En Baleares el termómetro bajó por primera vez de 0 grados el 3 de febrero. La mínima histórica de Palma llegó el 12 de febrero con -3,5 grados; pero durante la gran siberiana, el aeropuerto llegó a marcar los -10º. "Creo que la nevada se prolongó durante una semana más o menos. Lo que ha caído estos días no es nada comparado con aquello", asegura el geólogo Andreu Muntaner. En Manacor la nieve alcanzaba dos palmos y medio. En Alcúdia y Formentor, 50 centímetros de grosor. Todo después de un mes de enero con un tiempo primaveral.

Había muchos menos coches en las calles, pero los pueblos quedaron igualmente aislados. "En Palma hoy en día se produce un microclima que antes no había. Las calefacciones, el movimiento de coches... todo contribuye a subir la temperatura en el interior de la ciudad", explica el geólogo. Quienes estaban en Lluc -que llegó a los -13,5 grados- y en las possessions de la Serra, quedaron incomunicados.
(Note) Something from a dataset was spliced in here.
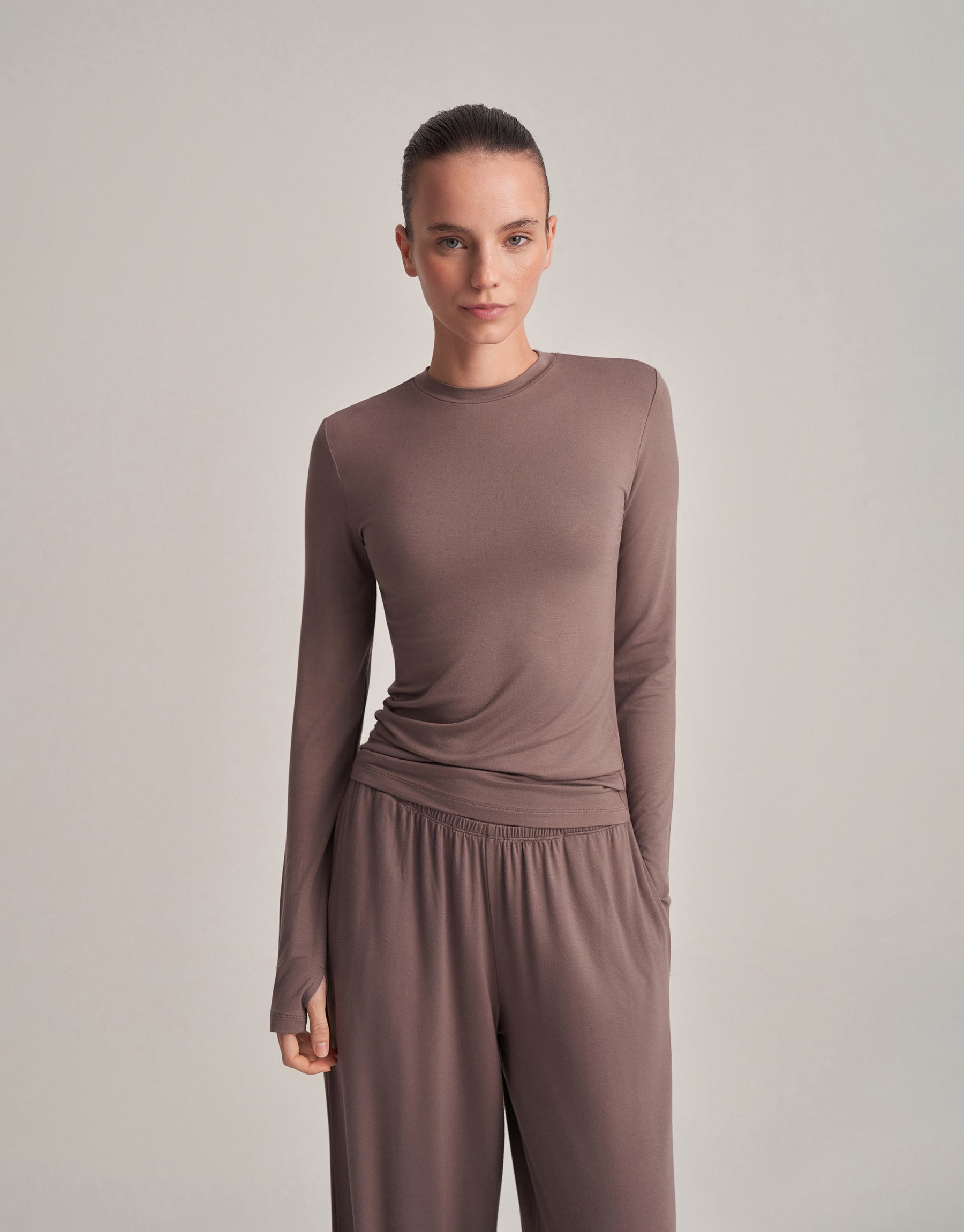 FITTED LONG-SLEEVE T-SHIRT MINK

Pero, para Muntaner, quienes lo pasaron peor fueron los militares de la base del Puig Major que se quedaban totalmente aislados porque no había máquinas quitanieves.

El frío se hizo sentir también en las casas. "En el interior de las viviendas era espantoso porque muchas se hacían con marès, una material que absorbe la humedad", recuerda Muntaner. La calefacción eléctrica era un lujo, y las estufas de butano también eran pocas. La mayoría combatía el frío con braseros.
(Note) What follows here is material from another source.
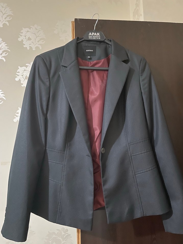 Düğmeli, dik yaka ve uzun kollu gri kadın blazer ceket, regular fit ve normal uzunluktadır. Sentetik kumaştan üretilmiş, modern klasik tarzda ofis kullanımı için uygundur. APAI etiketlidir.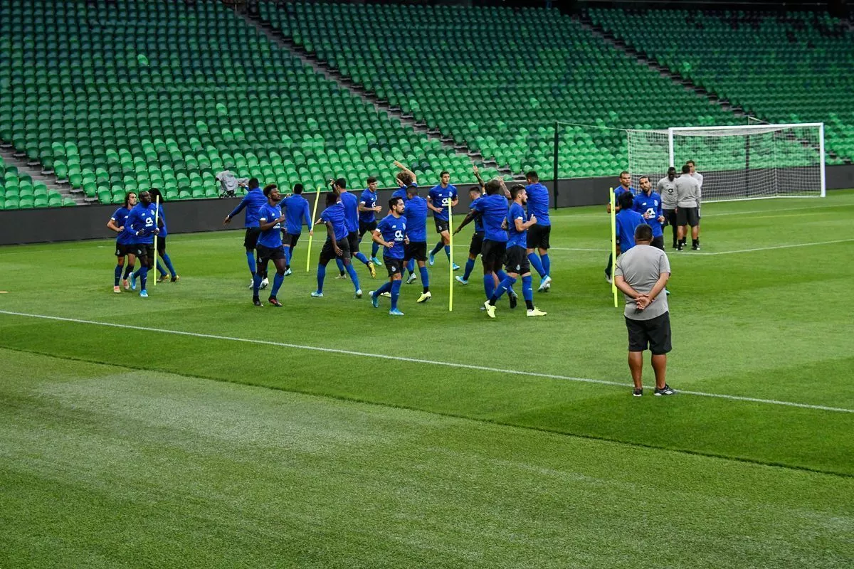 Предматчевая тренировка состоялась вечером 6 августа. На ней игроки были сосредоточены и внимательно слушали наставления тренера.

En Sa Pobla, Miquel López Crespí recuerda que en los corrales se ubicaba, también, la leñera. "Nunca había miedo de pasar frío", asegura. Las gavillas eran de almendro o de los pinos de la zona de Aucanada o cualquier lugar de la bahía de Alcúdia , "entonces sin hoteles".

A las reservas de víveres ayudaron los hornos familiares que aún tenían algunas casas y en las que madres y abuelas hacían pan. "Las carnicerías no mataban porque estaba todo parado. La gente hacía las matanzas en su casa y mataba al gallo del corral. Hasta el punto de que casi no quedaron gallos. Gallinas no, porque se necesitaban los huevos", rememora Sebastià Ferrer. Hubo quien también encontró el punto de vista positivo. "S'Any de sa neu mató a la mosca y los olivos no tuvieron carcoma. Era marzo y aún recogíamos aceituna. Fue el año que estuvo mejor el aceite de Capdepera", aporta Mateu Orpí. "Hoy la grisácea techumbre ha puesto una luminosidad exótica sobre Mallorca", describían los periódicos.